Dataset entries
--------------------------------
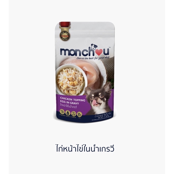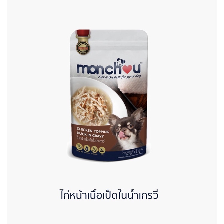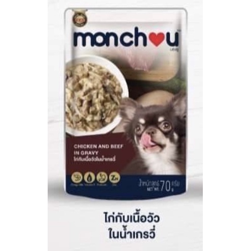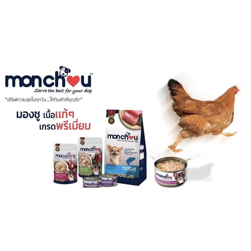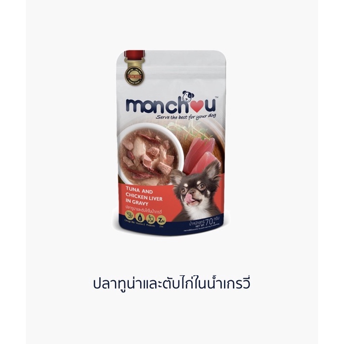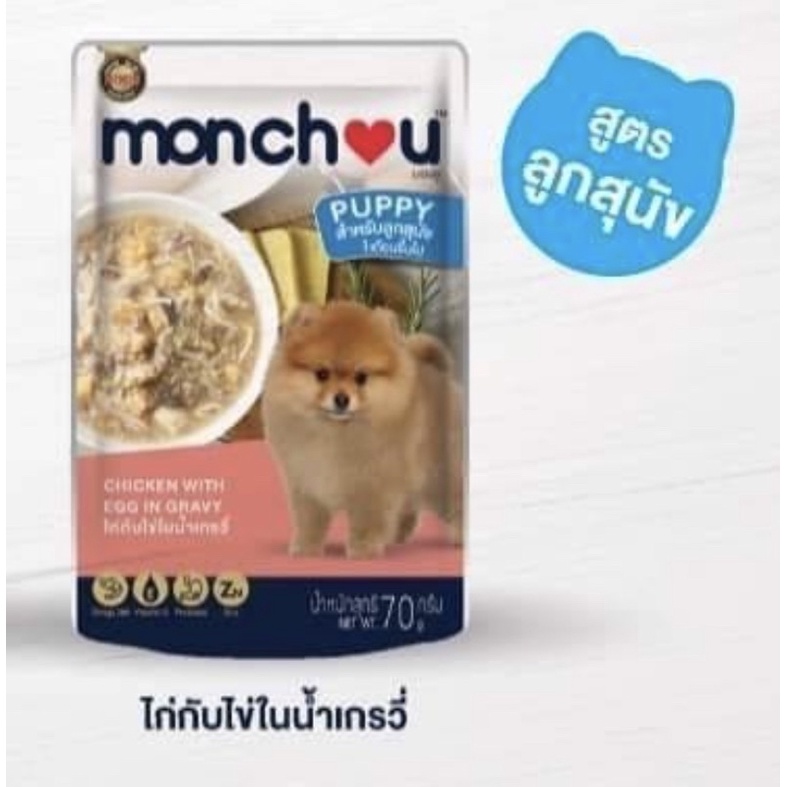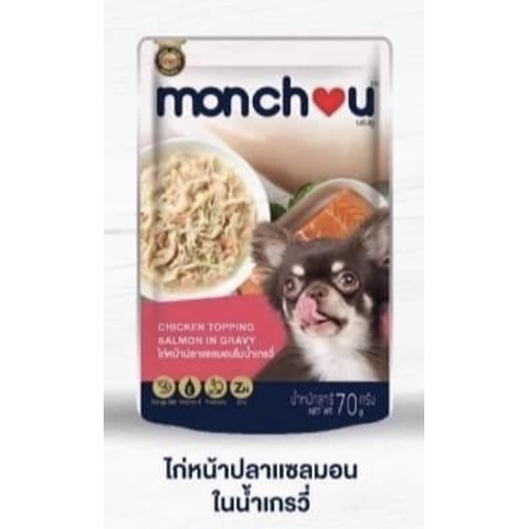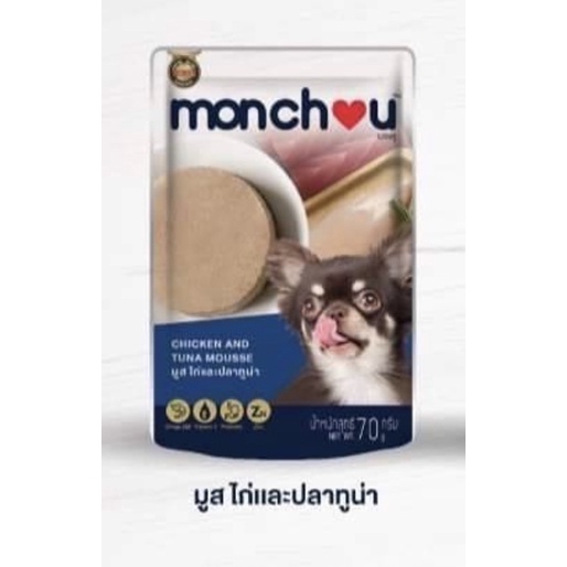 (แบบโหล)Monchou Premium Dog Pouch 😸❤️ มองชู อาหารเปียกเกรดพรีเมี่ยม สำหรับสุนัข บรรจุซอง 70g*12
--------------------------------
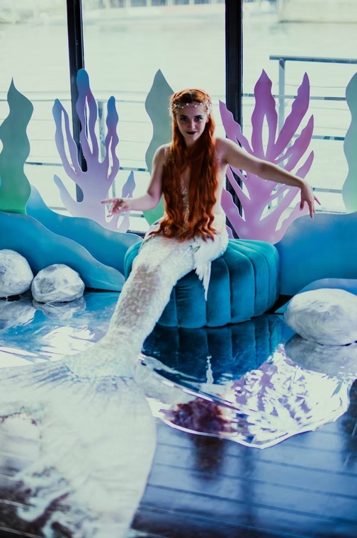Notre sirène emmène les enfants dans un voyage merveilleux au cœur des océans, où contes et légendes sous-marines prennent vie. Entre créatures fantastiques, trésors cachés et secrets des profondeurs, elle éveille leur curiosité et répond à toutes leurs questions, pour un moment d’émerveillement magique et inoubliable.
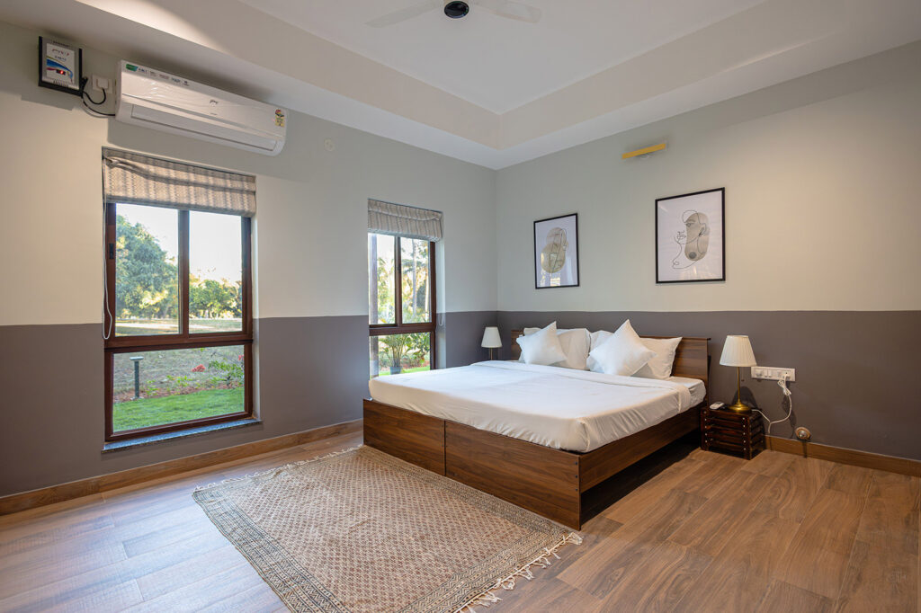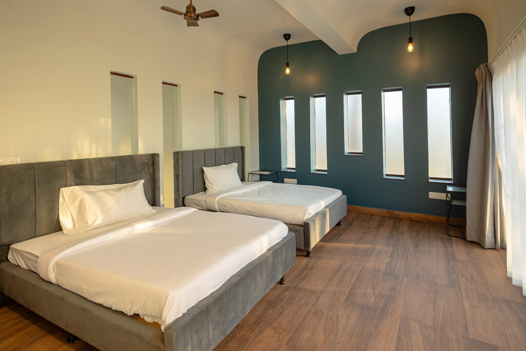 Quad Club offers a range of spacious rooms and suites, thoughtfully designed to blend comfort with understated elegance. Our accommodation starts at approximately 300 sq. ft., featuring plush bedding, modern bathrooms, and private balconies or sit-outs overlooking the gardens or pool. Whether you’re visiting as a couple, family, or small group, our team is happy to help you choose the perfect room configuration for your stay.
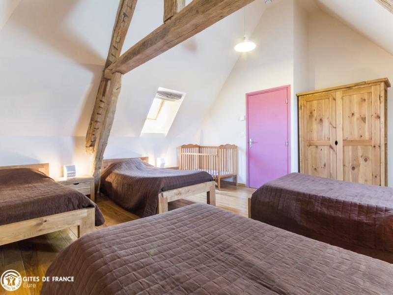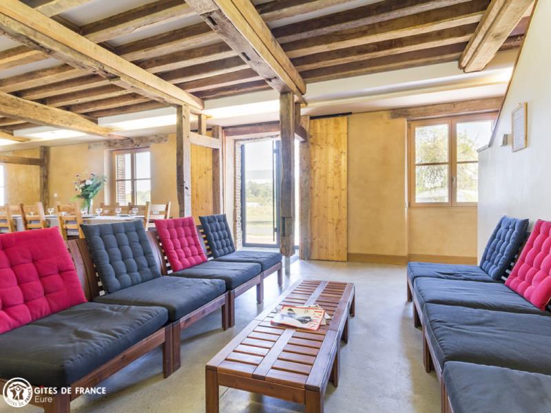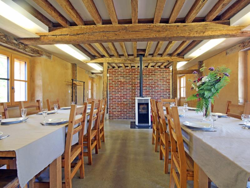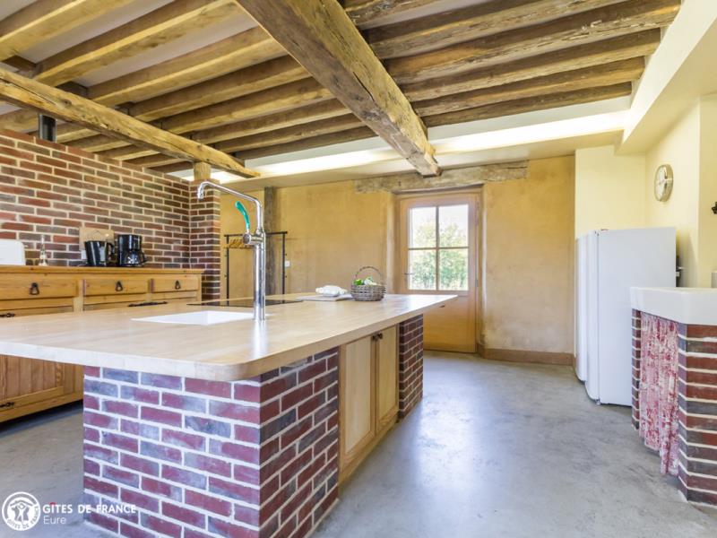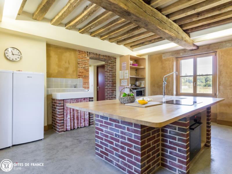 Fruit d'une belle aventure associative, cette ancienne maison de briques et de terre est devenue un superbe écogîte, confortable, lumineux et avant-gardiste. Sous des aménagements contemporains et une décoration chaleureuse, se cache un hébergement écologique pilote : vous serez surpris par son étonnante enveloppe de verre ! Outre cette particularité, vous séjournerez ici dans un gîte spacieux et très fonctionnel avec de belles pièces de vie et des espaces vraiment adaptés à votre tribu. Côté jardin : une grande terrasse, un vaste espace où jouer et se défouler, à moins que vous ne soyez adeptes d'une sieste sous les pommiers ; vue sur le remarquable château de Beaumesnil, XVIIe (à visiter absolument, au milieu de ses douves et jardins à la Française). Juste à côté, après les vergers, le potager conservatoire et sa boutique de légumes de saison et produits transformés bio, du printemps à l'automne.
--------------------------------
What to produce
Copy exactly, without pictures, the lines above from the one with "Quad Club offers" down to the one with "Fruit d'une belle", inclusive.

Task answer
 Quad Club offers a range of spacious rooms and suites, thoughtfully designed to blend comfort with understated elegance. Our accommodation starts at approximately 300 sq. ft., featuring plush bedding, modern bathrooms, and private balconies or sit-outs overlooking the gardens or pool. Whether you’re visiting as a couple, family, or small group, our team is happy to help you choose the perfect room configuration for your stay.
 Fruit d'une belle aventure associative, cette ancienne maison de briques et de terre est devenue un superbe écogîte, confortable, lumineux et avant-gardiste. Sous des aménagements contemporains et une décoration chaleureuse, se cache un hébergement écologique pilote : vous serez surpris par son étonnante enveloppe de verre ! Outre cette particularité, vous séjournerez ici dans un gîte spacieux et très fonctionnel avec de belles pièces de vie et des espaces vraiment adaptés à votre tribu. Côté jardin : une grande terrasse, un vaste espace où jouer et se défouler, à moins que vous ne soyez adeptes d'une sieste sous les pommiers ; vue sur le remarquable château de Beaumesnil, XVIIe (à visiter absolument, au milieu de ses douves et jardins à la Française). Juste à côté, après les vergers, le potager conservatoire et sa boutique de légumes de saison et produits transformés bio, du printemps à l'automne.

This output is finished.